To understand partial derivatives geometrically, we need to interpret the algebraic idea of fixing all but one variable geometrically. This is equivalent to slicing a surface by a plane to produce a curve in space.

Start with the surface $$z \ = \ f(x,\, y) \ = \ 3x^2 -y^2 -x^3 +2,$$ shown to the right. Then $$f_x \ = \ \frac{\partial f}{\partial x} \ = \ \frac{\partial } {\partial x}\, \bigl( 3x^2 -y^2 -x^3 +2\bigl) \ = \ 6x -3x^2 \,.$$ To understand what this means, fix a value of $y$, say $y=-1$. Equivalently, slice the surface $z=f(x,y)$ with the plane $y=-1$, as in the figure. The cubic curve of intersection is shown in orange and can be given the parametrization $${\bf r}(x)\, = \, \bigl\langle\, x,\, -1,\, f(x,\,-1)\,\bigl\rangle\,=\, \bigl\langle\, x,\, -1,\, 3x^2 -x^3 +1\,\bigl\rangle\,.$$ A vector tangent to this orange curve is $${\bf r}'(x)\ = \ \bigl\langle\, 1,\, 0,\, 6x -3x^2\,\bigl\rangle \ = \ \bigl\langle\, 1,\, 0,\, f_x\,\bigl\rangle\,,$$ Thus $f_x$ gives the slope of the surface $z = f(x,\,y)$ as we move in the $x$-direction.

Likewise, if we fix $x= 1$, we see that $f_y$ gives the slope of the other orange curve (obtained by intersecting our surface with the plane $x=1$) as we move in the $y$-direction.
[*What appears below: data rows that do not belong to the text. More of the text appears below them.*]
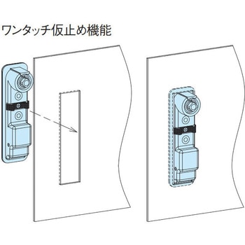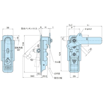 1.南京錠を施錠することによって二重に施錠出来ます。2.中間サイズの筐体の高さに適用したサイズのハンドルです。3.10□・8□の選択が可能です。(止め金取付角穴)4.インジケータが付いていますので、鍵の「開」「閉」状態が一目でわかります。5.「開」→赤、「閉」→緑の表示となっています。6.ワンタッチ仮止め機能もついて、ハンドル取付作業が簡易です。7.左右兼用設計。(調整座金と止め金を裏返すことにより、左右の入れ替えが可能)
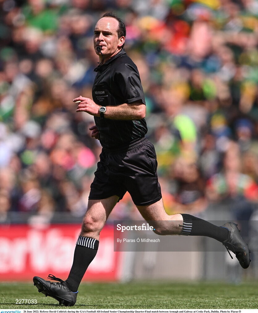 26 June 2022; Referee David Coldrick during the GAA Football All-Ireland Senior Championship Quarter-Final match between Armagh and Galway at Croke Park, Dublin. Photo by Piaras Ó Mídheach/Sportsfile
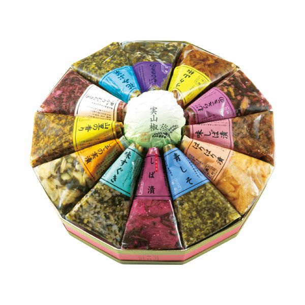 赤しそむらさきの80g、青しそむらさきの40g、しば漬50g、味しば漬40g、山里の香り70g、はりはり漬50g、青しそ80g、花みぶ菜70g、ゆかりむらさき70g、実山椒30g、味すぐき70g、しその実漬40g、うり山椒40g
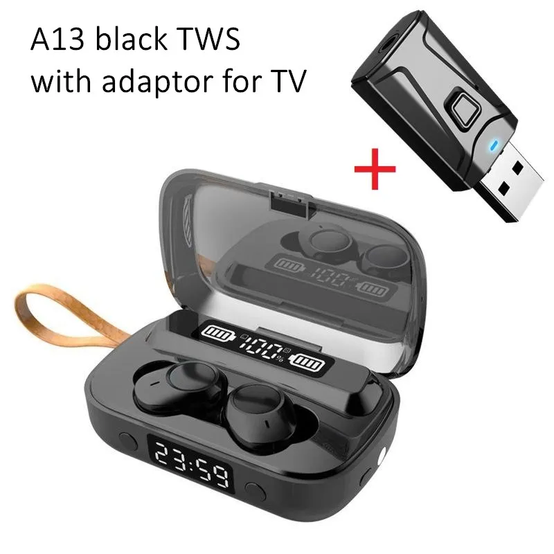 Модель: наушники A13 TWS с адаптером bluetoothЦвет: черныйВерсия: bluetooth V 5,0Функция: последняя/следующая песня, воспроизведение/пауза, отказ от вызова, одна клавиша SiriРабочее расстояние: 10-15 метровВодонепроницаемость: IPX7Время зарядки: около 0,5-1 часВремя воспроизведения музыки: около 3-4 часовВремя Stamdby: около 200 часовАккумулятор зарядного устройства для наушников: 2000 мАчЧастота: 2 кГц ~ 20 кГцЧувствительность: 115 ± 3 дБВходной ток: 5 в 1 АСопротивление: 32 Ом
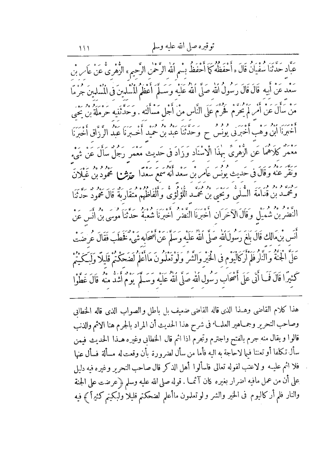 [2359] (عُرِضَتْ عَلَيَّ الْجَنَّةُ وَالنَّارُ فَلَمْ أَرَ كَالْيَوْمِ فِي الْخَيْرِ وَالشَّرِّ وَلَوْ تَعْلَمُونَ مَا أَعْلَمُ لَضَحِكْتُمْ قَلِيلًا وَلَبَكَيْتُمْ كَثِيرًا) فِيهِ
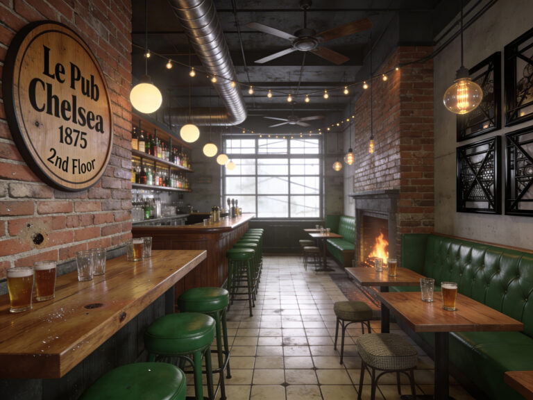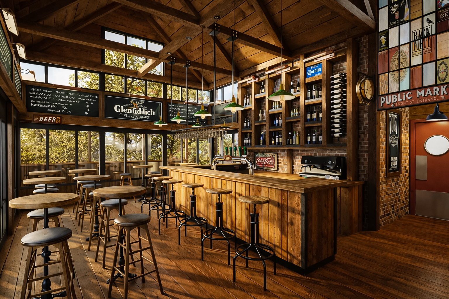 Le mandat visait à moderniser l’établissement tout en préservant son caractère authentique et convivial. Les éléments patrimoniaux ont été conservés, puis intégrés à des espaces repensés : salle principale, bar, terrasse et zones de service.

Thus

    At a point $P=(a,\,b,\, f(a,\,b))$ on the graph of $z = f(x,\, y)$,

    The value $\displaystyle\frac{\partial f}{\partial x}\Bigl|_{(a,\,b)}$ is the Slope in the $x$-direction,

    $\displaystyle \Bigl\langle \, 1,\, 0,\, \frac{\partial f}{\partial x}\Bigl|_{a,\,b}\,\Bigl \rangle$ is a Tangent Vector in the $x$-direction, while $$\frac{\partial f}{\partial y}\Bigl|_{(a,\,b)}\, \qquad \hbox{and} \qquad \Bigl\langle \, 0,\, 1,\, \frac{\partial f}{\partial y}\Bigl|_{a,\,b}\,\Bigl \rangle$$ give the slope and a tangent vector at $P$ in the $y$-direction.
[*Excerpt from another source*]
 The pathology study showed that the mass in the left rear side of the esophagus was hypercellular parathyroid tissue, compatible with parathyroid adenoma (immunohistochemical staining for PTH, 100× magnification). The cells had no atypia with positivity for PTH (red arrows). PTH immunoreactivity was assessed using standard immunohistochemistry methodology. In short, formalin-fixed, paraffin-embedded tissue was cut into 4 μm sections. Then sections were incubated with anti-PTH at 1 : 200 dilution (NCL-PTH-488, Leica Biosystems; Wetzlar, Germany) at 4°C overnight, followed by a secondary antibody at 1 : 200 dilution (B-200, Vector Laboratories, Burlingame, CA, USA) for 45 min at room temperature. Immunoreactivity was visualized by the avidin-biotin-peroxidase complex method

Example 1: Determine whether $f_x ,\ f_y$ are positive, negative, or zero at the points $P,\ Q, \ R,$ and $S$ on the surface to the right.
Solution: Starting at $Q$, the surface slopes up for fixed $x$ as $y$ increases, so $f_y\bigl|_{Q} > 0$, while moving slightly in the $x$ direction takes us neither uphill nor downhill, so so $f_x\bigl|_{Q}= 0$. Likewise, $$f_x\bigl|_{R} \,=\,0,\quad f_y\bigl|_{R} \,>\, 0\,, \qquad f_x\bigl|_{P} \,<\, 0,\, \quad f_y\bigl|_{P} \,=\, 0 \,.$$ We leave the signs of $f_x \bigl|_{S}$ and $f_y\bigl|_S$ to you.


All the same ideas carry over in exactly the same way to functions $f(x,\,y,\,z)$ of three or more variables - just don't expect lots of pictures!! The partial derivative $f_z$, for instance, is simply the derivative of $f(x,\,y,\,z)$ with respect to $z$, keeping the variables $x$ AND $y$ fixed now.
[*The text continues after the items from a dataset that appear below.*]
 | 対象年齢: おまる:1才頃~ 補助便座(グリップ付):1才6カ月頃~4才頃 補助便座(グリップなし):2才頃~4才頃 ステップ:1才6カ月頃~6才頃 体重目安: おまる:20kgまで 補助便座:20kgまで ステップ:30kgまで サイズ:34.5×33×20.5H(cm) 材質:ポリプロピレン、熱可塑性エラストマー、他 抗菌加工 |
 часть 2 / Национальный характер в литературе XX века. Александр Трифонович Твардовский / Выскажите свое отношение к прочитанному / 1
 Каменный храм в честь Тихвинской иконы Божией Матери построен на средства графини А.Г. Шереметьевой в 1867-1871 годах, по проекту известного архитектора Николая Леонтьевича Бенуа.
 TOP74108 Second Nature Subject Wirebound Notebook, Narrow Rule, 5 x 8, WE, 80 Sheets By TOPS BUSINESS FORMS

Information about the partial derivatives of a function $f(x,\,y)$ can be detected also from the contour map of $f$. Indeed, as one knows from using contour maps to learn whether a path on a mountain is going up or down, or how steep it is, so the sign of the partial derivatives of $f(x,\,y)$ and relative size can be read off from the contour map of $f$.

Example 2: To the right is the contour map of the earlier function $$f(x,\, y) \ = \ 3x^2 -y^2 -x^3 +2\,,$$ with 'higher ground' being shown in lighter colors and 'lower ground' in darker colors. Determine whether $f_x,\, f_y$ are positive, negative, or zero at $P,\, Q,\, R,\, S$, and $T$.

At $R$, the colors are lighter (higher) to the right and darker (lower) to the left, so $f_x \bigl |_R > 0$. Likewise, the colors are lighter below $R$ than above $R$, so $f_y \bigl |_R<0$. At $P$ and at $S$, the ground is flat: $S$ is at a local maximum, and $P$ is at a saddle. In both cases, $f_x=f_y=0$. We leave the remaining points to you.